Negócios em treinos de longa duração
Vitórias e derrotas no mercado financeiro têm reflexos de experiências vivenciadas no esporte por Thiago Figueiredo, CIO da Intrabank, gestora de crédito. Com a rotina de praticar ciclismo em estrada, mountain bike, triatlo e corrida de aventura desde os 15 anos de idade, Figueiredo, hoje com 49 anos, é um apaixonado por esportes de longa duração.
“Esses esportes envolvem não somente preparo físico, mas muito planejamento e preparo psicológico. Essa combinação me motiva a seguir competindo. Ter sucesso em competições desse perfil é um projeto de longo prazo, em que a prova é apenas a finalização. Parte do que aprendi carrego comigo na profissão, como saber prever as dificuldades da prova, aprender a se adaptar às mudanças, ter resiliência e confiar no processo do ciclo de treinamento”, diz.
Na bagagem esportiva, Figueiredo traz competições como Ironman Full, Ironman 70.3, L’Étape Ciclismo, Maratona Brasil Ride de mountain bike, Circuitos Chauás e Hakka de Corrida de Aventura. O CIO da Intrabank concorda sobre a importância da interatividade durante os treinos de um esporte individual. E afirma já ter fechado negócios nesses momentos.
“Os treinos em sua maioria são em grupo, intermediados por assessorias e treinadores especializados. Fiz amizades com pessoas da mesma área em que trabalho e de áreas diferentes. O mais legal é que em um treino ‘longão’, de cinco horas de ciclismo com um grupo, dá para conversar e conhecer bastante sobre outros ramos de negócio e sim, às vezes até sai negócio”, detalha.

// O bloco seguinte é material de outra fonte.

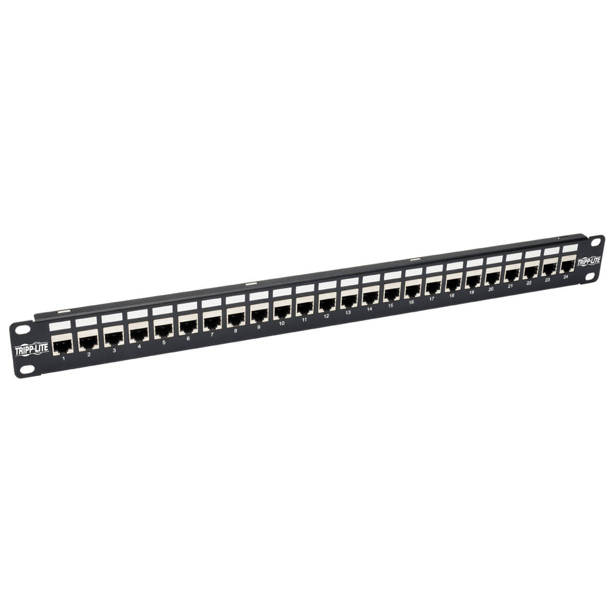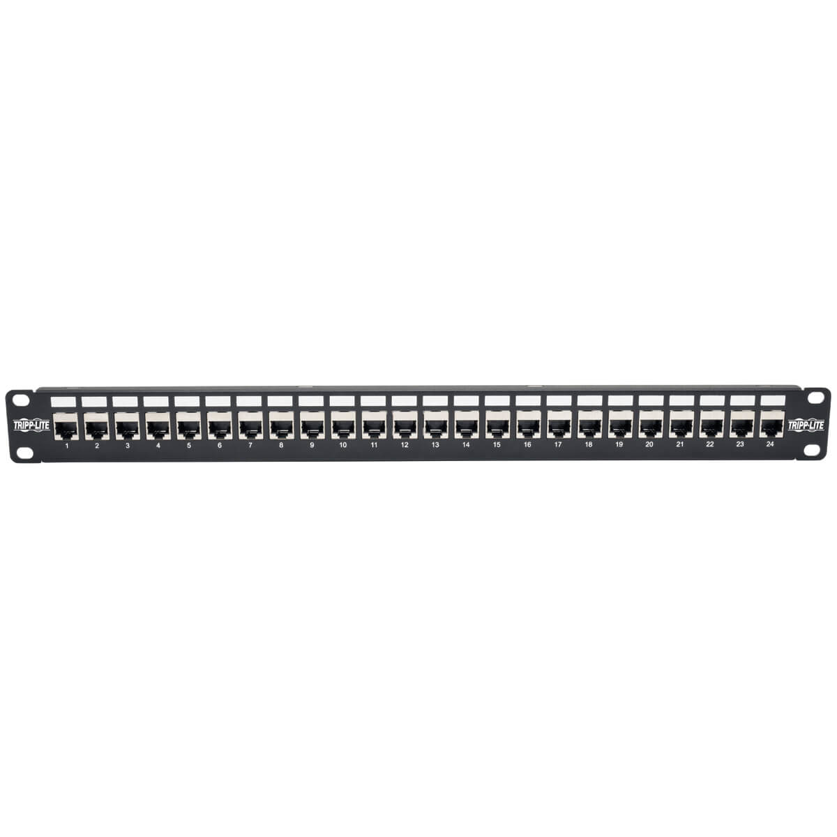 Tripp Lite N254-024-SH-6A. Ethernet interface type: 10 Gigabit Ethernet, Aansluiting(en): RJ-45, Ondersteundende kabel types: Cat6a. Montage: Rekmontage, Rackcapaciteit: 1U, Kleur van het product: Zwart. Certificaten van naleving: RoHS, Certificering: TAA. Breedte: 482,6 mm, Hoogte: 43,2 mm, Diepte: 31,8 mm. Breedte verpakking: 73,9 mm, Diepte verpakking: 70,1 mm, Hoogte verpakking: 500,1 mm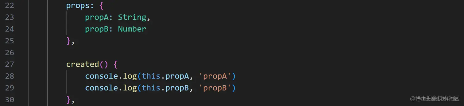如图所示,可以用一维数组的形式申明多个prop属性。但需要注意的是声明后需要通过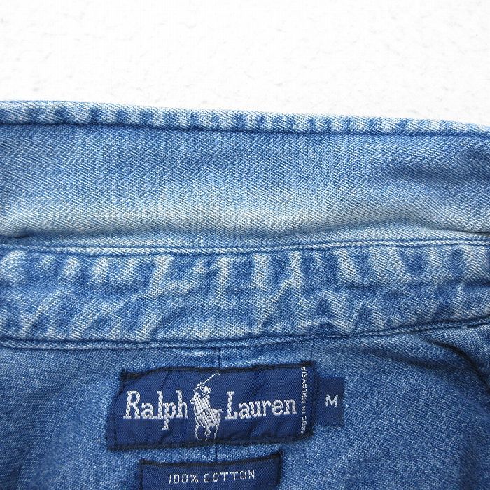 L 古着 ラルフローレン 長袖 ブランド シャツ メンズ 90 s ワンポイントロゴ コットン ボタンダウン 紺 ネイビー デニム spe 25 oct 27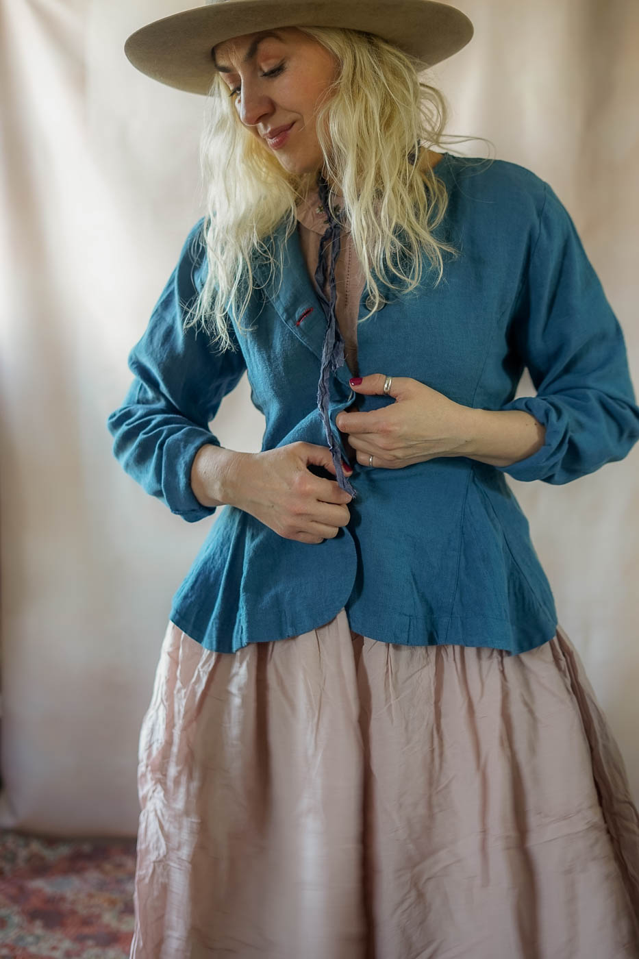 For the ultimate “Morbi” look, layer the Lucy jacket over the Merit dress and Felina skirt. The blue linen texture provides a sophisticated contrast to the flowy cotton prints, while the metal buttons offer a subtle, shimmering detail.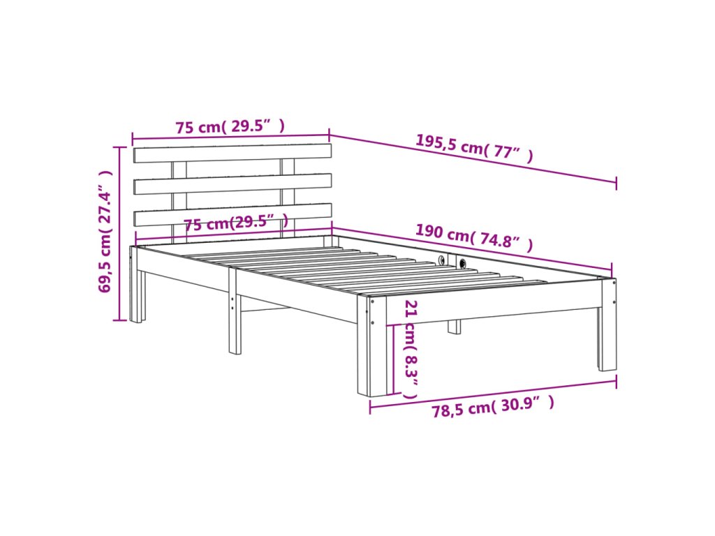 Postel bez matrace voskově hnědá 75 x 190 cm masivní borovice 844266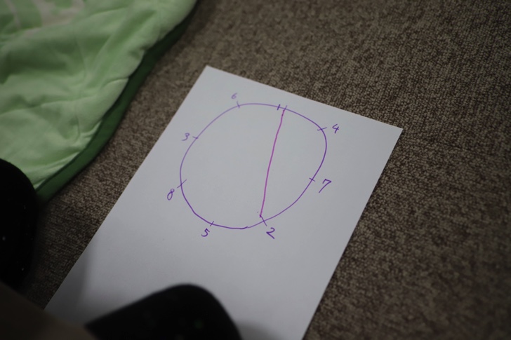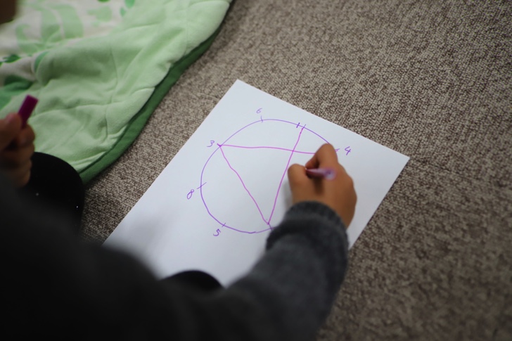 まずは色んな星を描くことから始まりました。たいてい星を描くとなると角が5つの☆ですが、今回は角が7つ、8つなどの星をどうやって描けばいいかを学びました。まずは丸を描き、そこに目印を描いていきます。そこに1から順番に番号を書いてきます。1の次は右に3つめ、3つめ…と書いていき、最後は1に戻ります。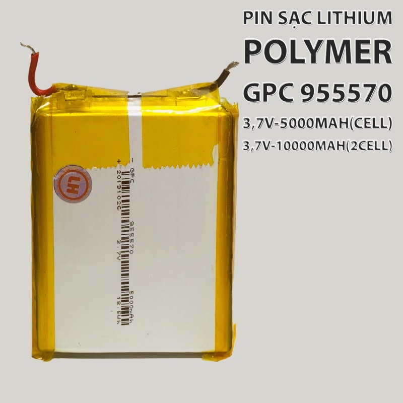 PIN Sạc Polymer GPC 955570 3,7v Dung lượng 5000mAh/Cell (10000mAh/2Cell) Pin Xịn Sò (Ảnh Shop tự chụp)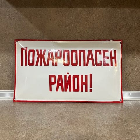 40 x 20 cm emaljeret jernskilt med inskriptionen "Sted til rygning" (място за пушене - myasto za pushene). Dette skilt er et autentisk artefakt fra kommunisttiden i Bulgarien, hvilket afspejler den omhyggelige regulering af offentlige og arbejdspladsers miljøer under statens kontrol. Skilte som dette blev almindeligvis fundet i fabrikker, administrative bygninger og andre institutionelle omgivelser for at angive udpegede rygeområder. Det emaljerede jernskilt er i fremragende stand med en skinnende overflade, der modstår tidens tand godt. De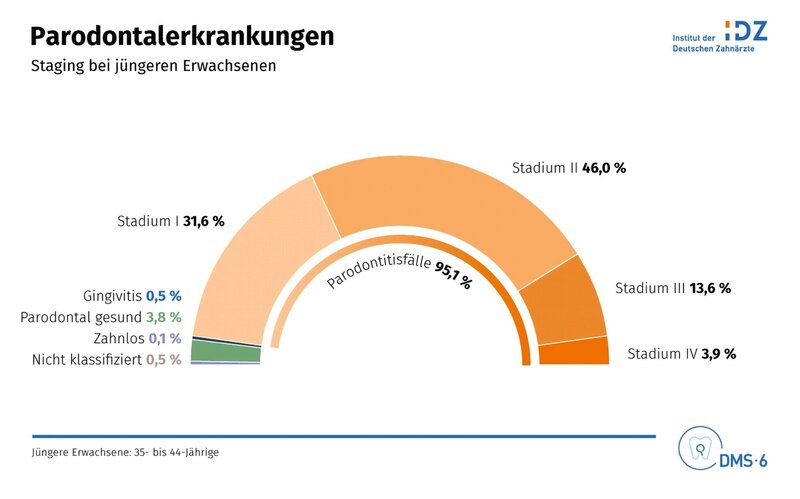 Knapp vier Prozent der jüngeren Erwachsenen in Deutschland im Alter von 35 bis 44 Jahren sind nach der neuen Klassifikation parodontal gesund und weitere 0,5 Prozent weisen lediglich eine Zahnfleischentzündung (Gingivitis) auf. Abgesehen von wenigen jüngeren Erwachsenen, die zahnlos oder nicht klassifizierbar sind, weisen 95 Prozent der jüngeren Erwachsenen eine Parodontitis auf. Schwere Parodontitis (Stadium III und IV) kommt bei 18 Prozent der 35- bis 44-Jährigen vor, davon fallen 14 Prozent auf das Stadium III mit dem Potenzial des weiteren Zahnverlusts und bei knapp 4 Prozent besteht gar die Gefahr des Verlusts der ganzen Dentition (Stadium IV). Eine moderate Parodontitis (Stadium II) weist knapp die Hälfte der jüngeren Erwachsenen auf und fast ein Drittel eine initiale Stadium-I-Parodontitis. Die Ergebnisse überraschen, denn Parodontitis ist eine altersassoziierte Erkrankung und das junge Erwachsenenalter ist ein Lebensabschnitt, in dem chronische Verlaufsformen erst beginnen (sollten). Dennoch sind 95 Prozent der Menschen in Deutschland zu diesem Zeitpunkt bereits erkrankt.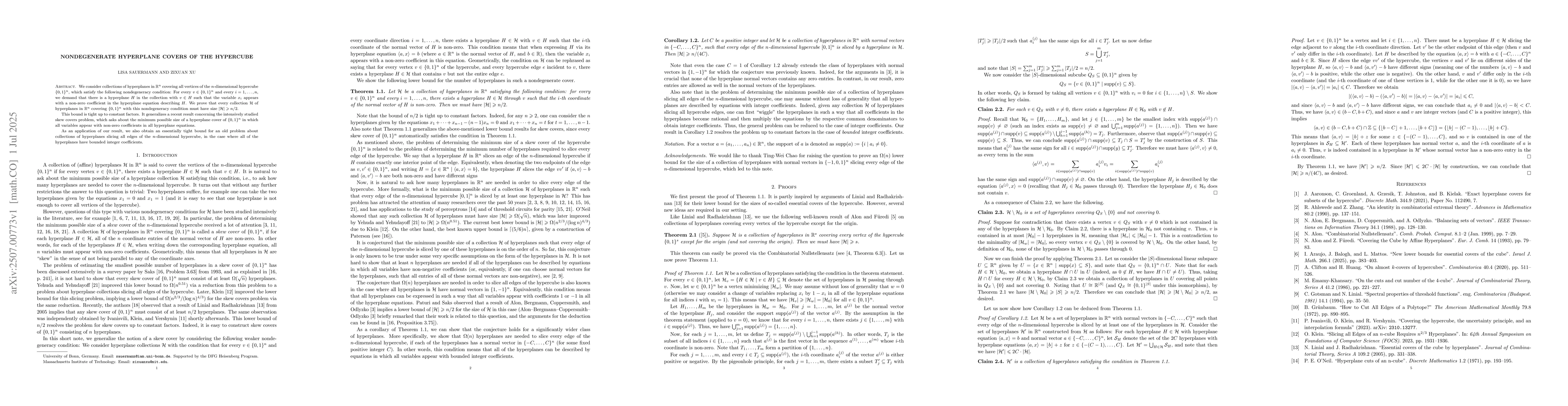 We consider collections of hyperplanes in $\mathbb{R}^n$ covering all vertices of the $n$-dimensional hypercube $\{0,1\}^n$, which satisfy the following nondegeneracy condition: For every $v\in \{0,1\}^n$ and every $i=1,\dots,n$, we demand that there is a hyperplane $H$ in the collection with $v\in H$ such that the variable $x_i$ appears with a non-zero coefficient in the hyperplane equation describing $H$. We prove that every collection $\mathcal{H}$ of hyperplanes in $\mathbb{R}^n$ covering $\{0,1\}^n$ with this nondegeneracy condition must have size $|\mathcal{H}|\ge n/2$. This bound is tight up to constant factors. It generalizes a recent result concerning the intensively studied skew covers problem, which asks about the minimum possible size of a hyperplane cover of $\{0,1\}^n$ in which all variables appear with non-zero coefficients in all hyperplane equations. As an application of our result, we also obtain an essentially tight bound for an old problem about collections of hyperplanes slicing all edges of the $n$-dimensional hypercube, in the case where all of the hyperplanes have bounded integer coefficients.

Triunfo do ciclismo em Paris
Bem no espírito da sede dos Jogos Olímpicos de 2024, Raphael Vicente, diretor geral da Iniciativa Empresarial pela Igualdade Racial, não larga mais sua bicicleta, desde que começou a praticar ciclismo, há um ano. Vicente escolheu a modalidade buscando aliar novas experiências de vida à prática esportiva de baixo impacto.
“A prática desestressa e auxilia na concentração e determinação. O ciclismo atua numa linha de foco e de pensamento, o famoso ócio criativo, que geralmente ajuda a ter vários insights interessantes. O esporte dá aquele esforço adicional para terminar”, conta.
Vicente está em sintonia com os parisienses e os visitantes da capital francesa para assistir aos jogos olímpicos. Pela primeira vez na história das olimpíadas, será possível acessar todas as arenas e locais de competição por ciclovias. Paris se preparou para isso. São 1,8 mil quilômetros de ciclovias na capital francesa, sendo 415 construídos especialmente para os jogos.
Paris tem atualmente mais pessoas usando bicicletas no lugar de carros. O sistema de bicicletas compartilhadas da cidade conta com 1.475 estações em toda a região metropolitana e mais três mil estações foram instaladas para os jogos olímpicos. No total, são 19 mil bicicletas disponíveis.